The problem, of course, is that such requests and reminders stack up, and so does the inbox, such that the things I need to do can wind up getting buried in a pile of other things that I may or may not need to do, but that wind up stealing focus by virtue of being more recent.

Several new email plugins promise to help with this problem. Julie recently discussed the new Google Priority Inbox, which helps you sort mail and keep your focus on the important items. However, Priority Inbox doesn’t help you take the crucial step of getting things out of your inbox.

Enter Taskforce, a browser plugin that interacts with your Google Mail or Google Apps account to help you get those pending items out of your inbox and onto a to-do list where they belong.

Here’s how it works: after signing up for a Taskforce account, the site walks you through the process of installing the plugin and creating a mail filter that will allow the widget to handle much of the bacn that you receive. After installation, a small floating widget appears in your Gmail account:

Taskforce

As new messages are caught by Taskforce’s mail filter, they appear under “Activity,” which contains all of the bacn that has been filtered out of your inbox. The messages themselves are automatically archived and labeled “mailfeed,” so that you can sort through them at your leisure.

Activity

The key attraction of Taskforce, however, is what it allows you to do with your non-bacn email, those messages you need to do something more with than simply reply.
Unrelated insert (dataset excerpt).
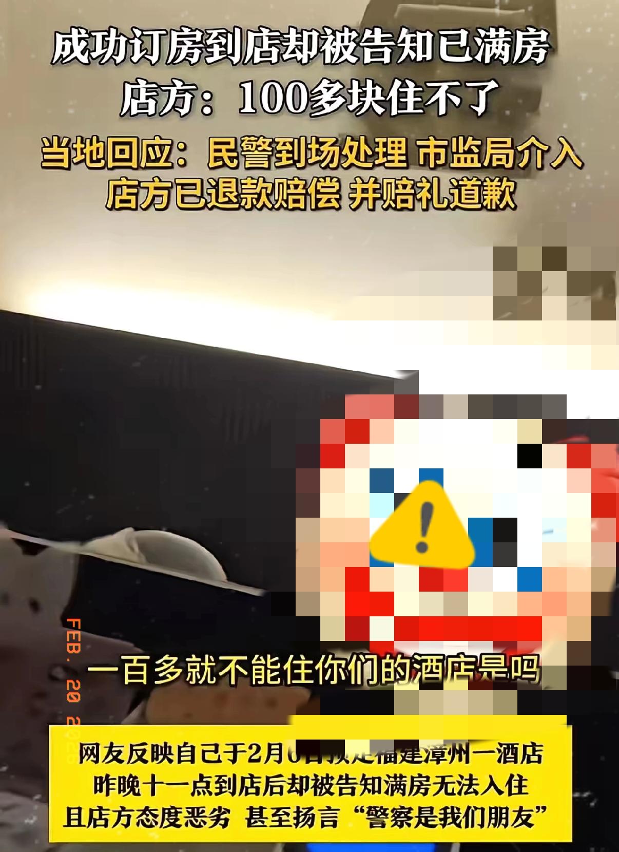 福建摊上大事了!女子成功订房到了酒店却被告知已经满房。店方:100多块住不了!原来,春节房间涨价,一个房间涨到七八百,而女子是花106块提前预定的!女子不服:“一百多就不能住你们酒店吗?” 大过年拖家带口出门旅游,提前半个月订好的房间,平台确认无误,到店却被一句“住不了”直接打发,换谁都得气炸。酒店明摆着就是嫌价格低想毁约涨价,拿“满房”当借口,态度还特别嚣张,这种吃相真的太难看。 订单生效就是合法合同,不是商家想撕就能撕的。涨价是市场行为,毁约是违法失信,这两者根本不能混为一谈。商家算准了违约成本低,赔点钱照样赚大头,才敢这么肆无忌惮。 真正伤游客心的不是差价,是商家毫无契约精神的傲慢,是对消费者的不尊重。一个地方的旅游口碑,是无数商家用心攒出来的,却能被一颗老鼠屎一夜毁掉。 只有提高处罚力度,让恶意毁约的商家真正肉疼,才能管住@这股歪风。你遇到过酒店临时毁约吗?出门旅游还踩过哪些坑?

Each email message you open has a button labeled “Convert to Task”:

Convert to Task

Clicking this button increments the floating number over the “Current” button in the Taskforce widget and replaces the “Convert to Task” button with three new ones:

Convert to Task

“View Task” opens the task that you’ve created in the Taskforce widget:

Task

The “Edit” button here highlighted allows you to rename the task to something that may be more meaningful than whatever the subject line of the email message happened to be:

Rename

Afterward, the task takes on its new name, and the task window allows you to add new participants to the task if need be:

Edited

The original email message can now be archived, getting it out of your inbox, while the task remains in your “Current” list. As with most to-do lists, you mark a task as complete by checking its box, and you can reorder the tasks on your list by dragging the handle to the left of the checkbox:

Current list

You can also use Taskforce as a general-purpose to-do list, creating new, non-email-related tasks by clicking “New Task” in the “Current” view.

Taskforce is still in beta, and thus you may run into some surprises as you use it. The service has also had the misfortune being announced a matter of days before Google’s Priority Inbox, which has stolen something of its inbox-sorting thunder, but Taskforce’s ability to get things out of your inbox entirely make it worth exploring.